The mixer has 3 inputs. The right most input will amplify the signal x10. The centre and left are un-amplified (x1). The amplified input is intended for low level signals such as sine and triangle waves.

Be aware that signals plugged into the x10 input may overpower the other two. The amplitude of the x10 input can be reduced to the level of the other two by adding a 10k resistor in series with the signal (actually a 9k but 10k are much more common and should work well enough for most applications).


The amplifier will take the signal from the mixer and amplify it to a level appropriate to drive the onboard speaker. If you do not plan to use the onboard speaker, the amplifier can be turned off with the amplifier power switch to conserve battery power (if batteries are being used).


The headphone out jack can be used to send a mono signal from the mixer to external gear or a stereo (dual mono) signal to the headphones. Plugging a cable into the headphone jack will disconnect the signal from the input of the amplifier.


This section has three buffeted inputs which are routed to the three channels of a tricolour LED (red, green & blue).

The brightness of the LED is dependant on the voltage level of the incoming signal. Therefore the LEDs can be used to monitor signal levels within your circuit.
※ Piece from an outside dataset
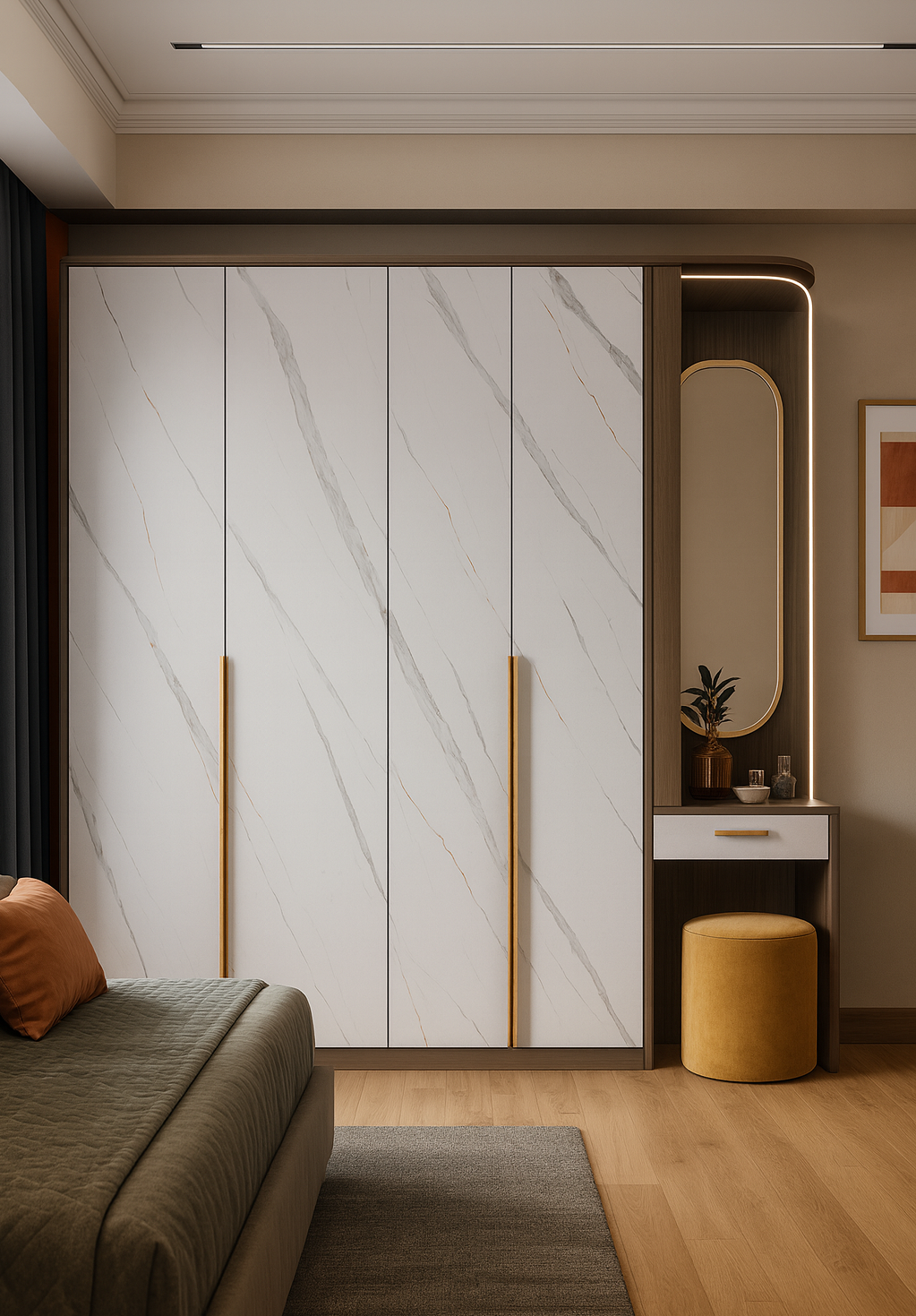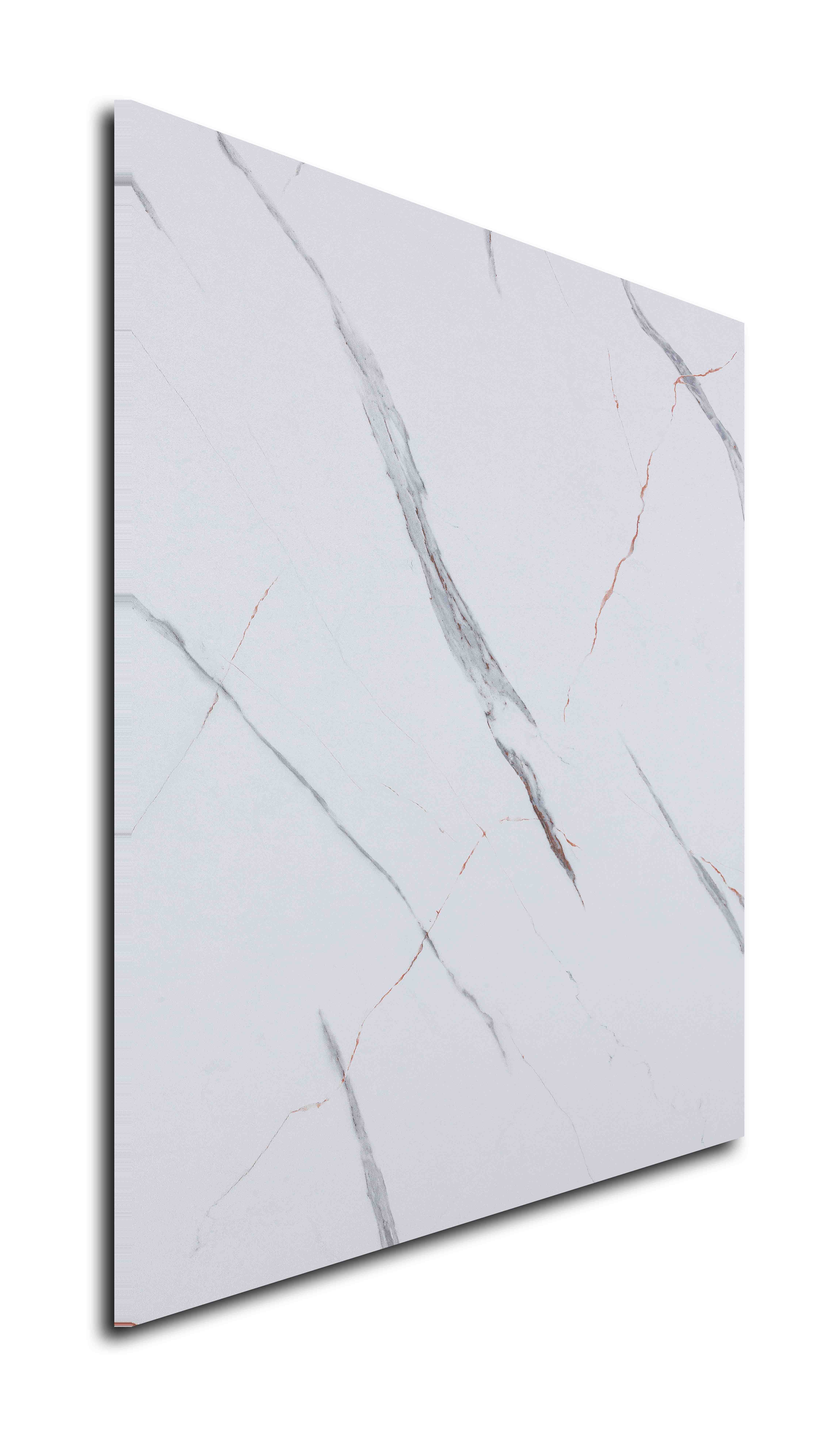 | Description | High-definition replica of Calacatta marble with a bright white base, striking grey veining, and warm copper or gold accents. Offers luxury and durability. |

LDR (light dependant resistor)

The LDR has two inputs. The resistance between these points will vary (approx. between 10k ohms and 1M ohms) as the light which falls on the light sensor increases and decreases.

More light = lower resistance.

The LDR is installed facing the LED. Voltages applied to the LED will increase the brightness which will in turn reduce the resistance of the LDR. This combination of LED and LDR is commonly known as a vactrol and is a classic method of converting voltage to resistance. This effectively lets you add voltage control to nearly any circuit. Unlike the traditional vactrol, this one is not sealed which means ambient light will also effect the LDR. This was done to allow maximum flexibility of how the LDR is used. If you would like to use the LDR independently from the LED, a light blocking piece of material can be placed between the LDR and LED. If you would like a more traditional vactrol configuration you can place black tape or something similar over both the LED and LDR to block out ambient light.


This section has three sockets connected to the three letters of the OMS logo respectively.

These can be connected to circuits which are sensitive to touch and manipulated by placing your finger on the sensors.


Each of the 5 potentiometers have three connection points connected to the three legs of the potentiometer. The pots are rated at 100k ohms and have a 1k resistor in series with the centre pin to avoid short circuits to the power which can damage the conductive material inside the pot.  


This section has three connection points connected to both the switch and the button.

Pressing the button connects points 1&3. (see drawing)

Throwing the switch to the right connects 2&3. To the left connects 1&2. This slightly unconventional configuration allows the user to make patches which can be manipulated with both the switch and button simultaneously.

For instance in the image to the right connecting the power supply through the switch allows the user to pulse the power on and off by pressing the button or to turn it on and off with the switch.